Since Superchief noted in post #5 that about half of the old building is weeks owners, that means that Crystal Shores opened prior to the DC Points Program inception. They had already sold about half of that building as weeks when the Points program started. Therefore, the only inventory that a weeks owner is entitled to occupy/use - at any resort - is that which was sold as weeks. After the Trust was created, no new weeks were sold and any unsold and/or new-build/acquired weeks deeded over to the Trust. Now Trust owners have rights to use those weeks, not weeks owners. So it is, in fact, very fair. Weeks owners have full legal access to weeks inventory and Trust owners have full legal access to Trust inventory. The only way for a weeks-only owner to get access to Trust inventory is if Marriott Vacations opts to deposit some portion of their Trust inventory into Interval International.

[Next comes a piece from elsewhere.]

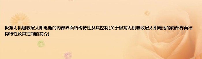 大家好,极薄无机吸收层太阳电池的内部界面结构特性及其控制,关于极薄无机吸收层太阳电池的内部界面结构特性及其控制的简介很多人还不知道,现在让我们一起来看看吧!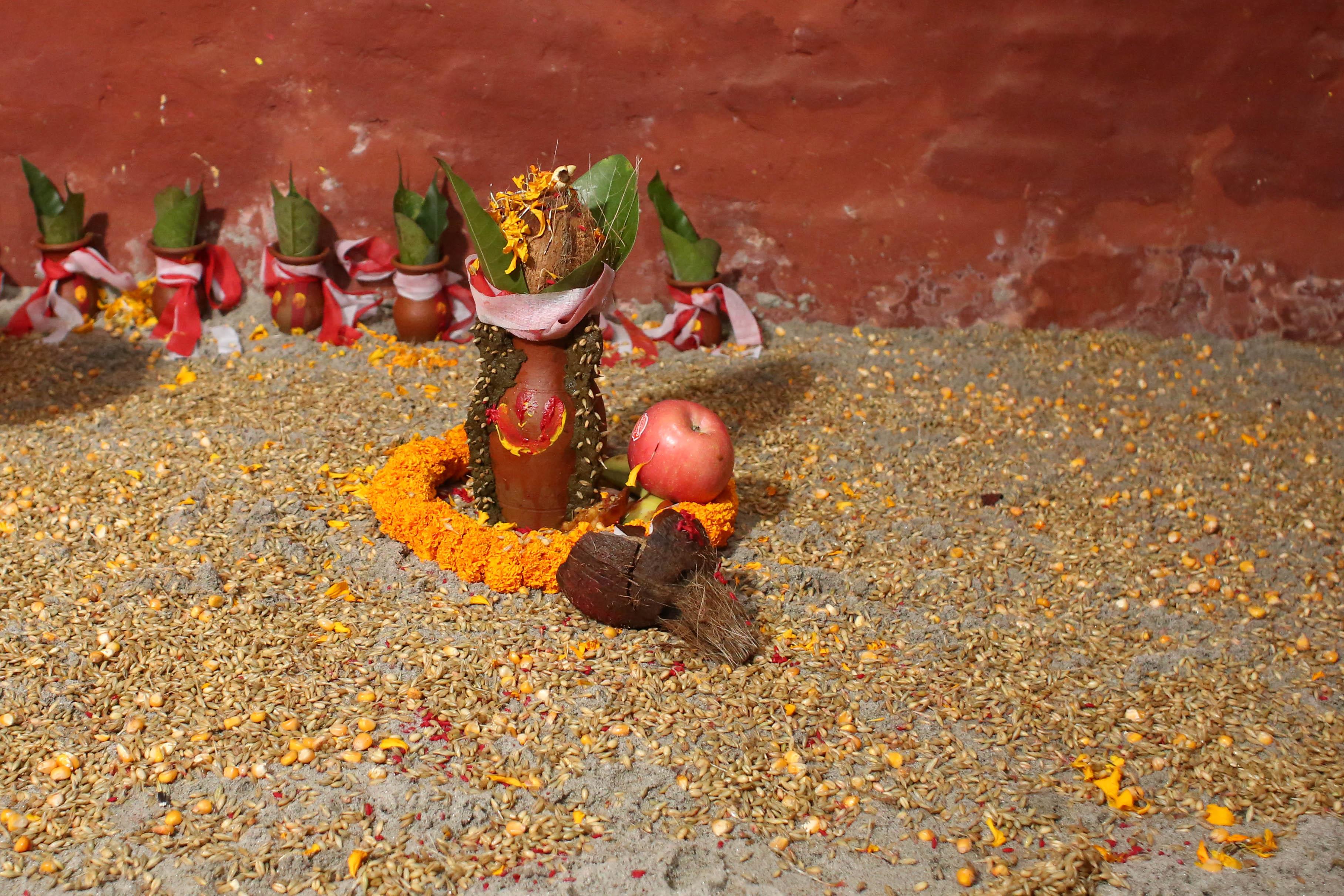 बडादशैँ बिहीबार शुरू भएको छ। पहिलो दिन वैदिक विधिपूर्वक दियो, कलश र गणेश स्थापना गरी घटस्थापना गरिएको छ। काठमाडौँको हनुमानढोका दरबारस्थित दशैँ घरमा पनि विधिवत् रूपमा जमरा राखिएको छ। तस्वीर: नेपाल फोटो लाइब्रेरी

Think of it as basically two separate resorts under one roof - one, a resort made up of weeks owners; and two, a resort owned 100% by the MVC Trust. At Crystal Shores, the new buildings are adding inventory to the Trust resort. The old weeks resort quit growing in June 2010, and has almost certainly been shrinking since, due to foreclosures, ROFR, and repurchases that MVC exercises to transfer into the Trust.
It's also similar to the old legacy timeshares in some other non-Marriott systems where two developers operate units within the same complex. Maybe Developer A started development of the resort, but then sold undeveloped property and/or unsold units to Developer B. People who purchased from Developer B do not have rights to occupy/use/trade units that were part of Developer A's units that share the same property.